24 abril, 2013

París desvela la cara más subversiva y militante de Keith Haring

The 10 Commandments

El Museo de la Villa de París y el centro de arte CentQuatre (anexo de la burocracia cultural de la alcaldía) consagran dos exposiciones «paralelas» a la obra de Keith Haring (1958-1990), con un mismo título, «The political line», para subrayar la dimensión «subversiva» y «militante» de un artista muerto prematuramente, víctima del sida, convertido en icono decorativo para residencias de millonarios.

Haring se educó en el mercantilismo «crítico» de Andy Warhol y el pop decorativo americano, iniciándose como grafitero en un Nueva York que comenzaba a convertir el arte callejero en una excelente fuente de negocios, muy cotizada en Wall Street y su clientela más adinerada.

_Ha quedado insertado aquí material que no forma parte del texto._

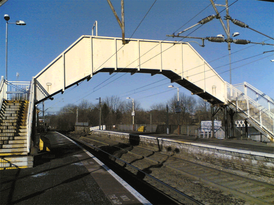 Jordanhill railway station, Glasgow: The bridge between platforms. Picture taken by Erath on March 2, 2006.
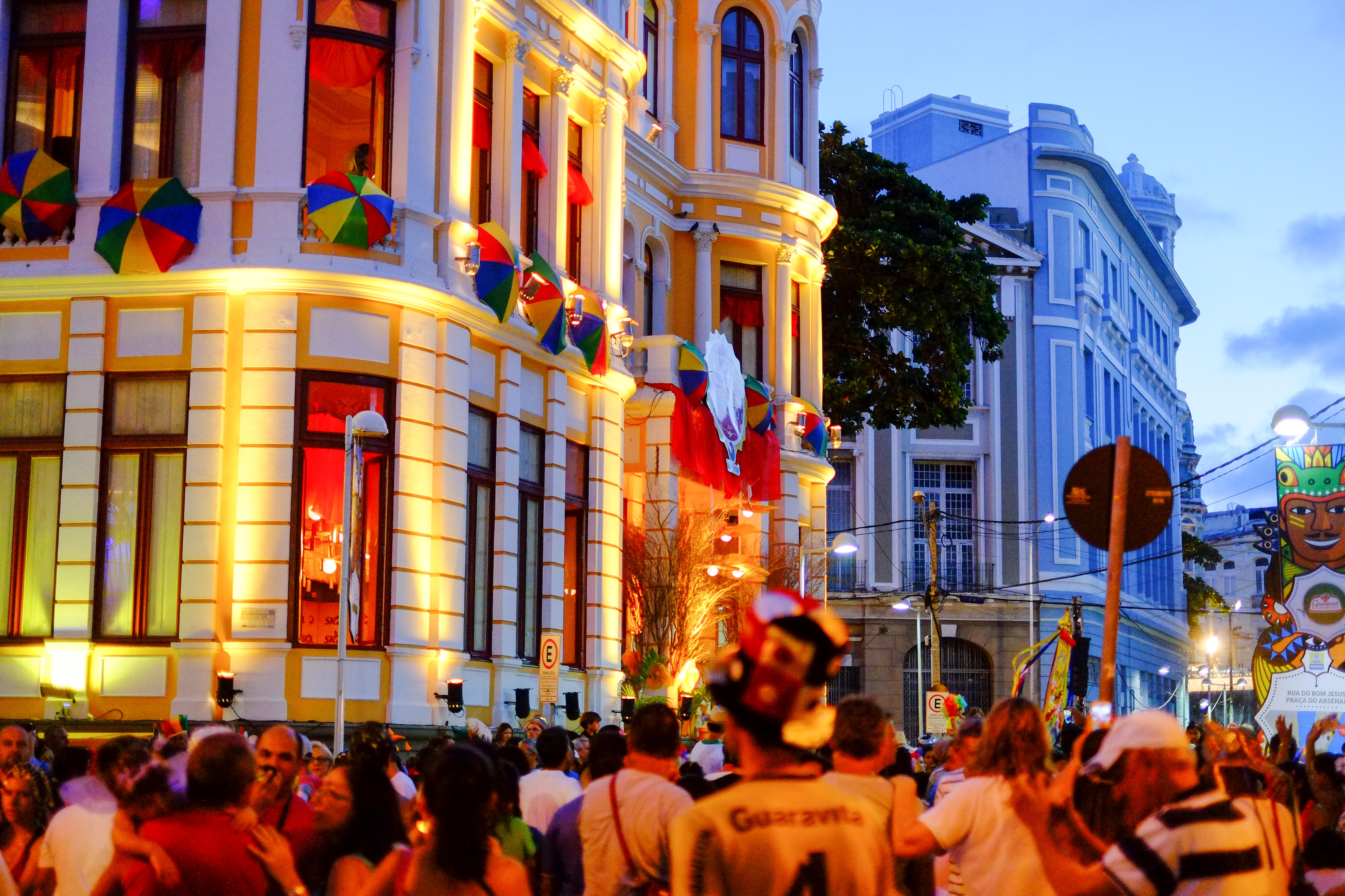 Recife Carnival - Recife, Pernambuco, Brazil
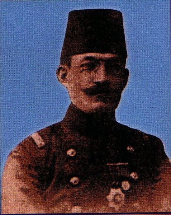 After World War I, Ahmet Refik wrote Two committees two massacres (İki Komite iki Kitâl), an account of the massacres during the War. Though Refik writes about massacres conducted on both sides, he concludes that the massacres against the Armenians was an attempt by the Turkish government to "destroy the Armenians".
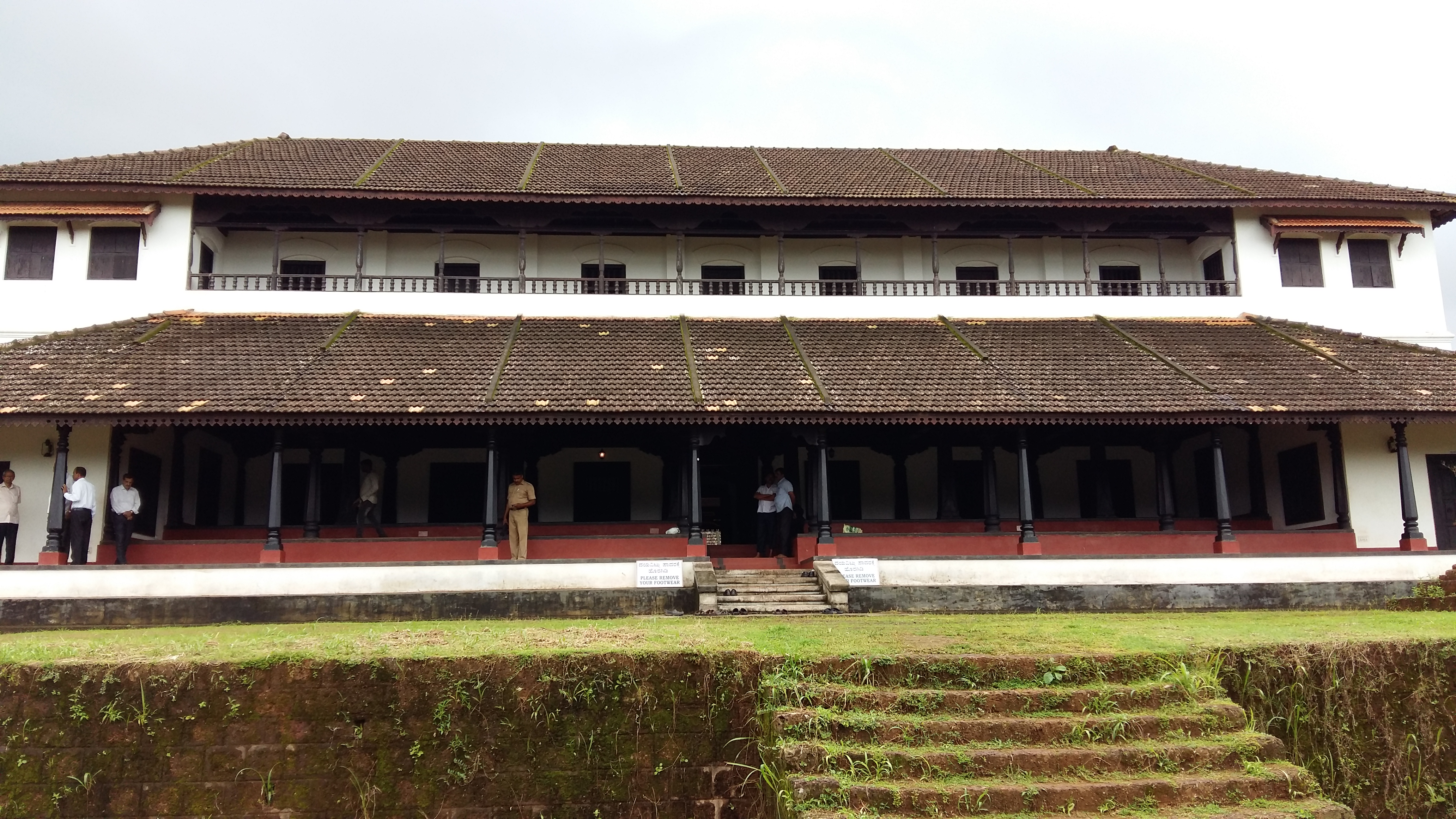 Guttu is a Bants Family center and a house at Mangalore Karnataka State

Homosexual militante, curtido en las artes más convencionales de la «performance», Haring pasó muy pronto del grafiti callejero a la «ilustración» de camisetas, con gran éxito comercial. Inspirándose en los dibujos animados, la publicidad y las fantasías oníricas infantiles, el artista decidió muy pronto dar una dimensión «simbólica» y «política» a todas sus obras, profundamente impregnadas por la cultura popular neoyorquina de su tiempo (los años 80 del siglo XX, esencialmente).

Un éxito fulminante

Ese puzzle artístico tuvo un éxito fulminante, ya que Haring tuvo la gran idea de enriquecer sus trabajos con temas siempre polémicos y actuales, tratados con cierta «provocación» al gusto de la época: bebés gateando, sexos enormes, alusiones políticamente correctas a la energía nuclear, glosa de la «inquietud moral» ante todo tipo de catástrofes, amoríos entre todo tipo de sexos, «crítica» de las mitologías convencionales, maquilladas con el mesianismo más puro.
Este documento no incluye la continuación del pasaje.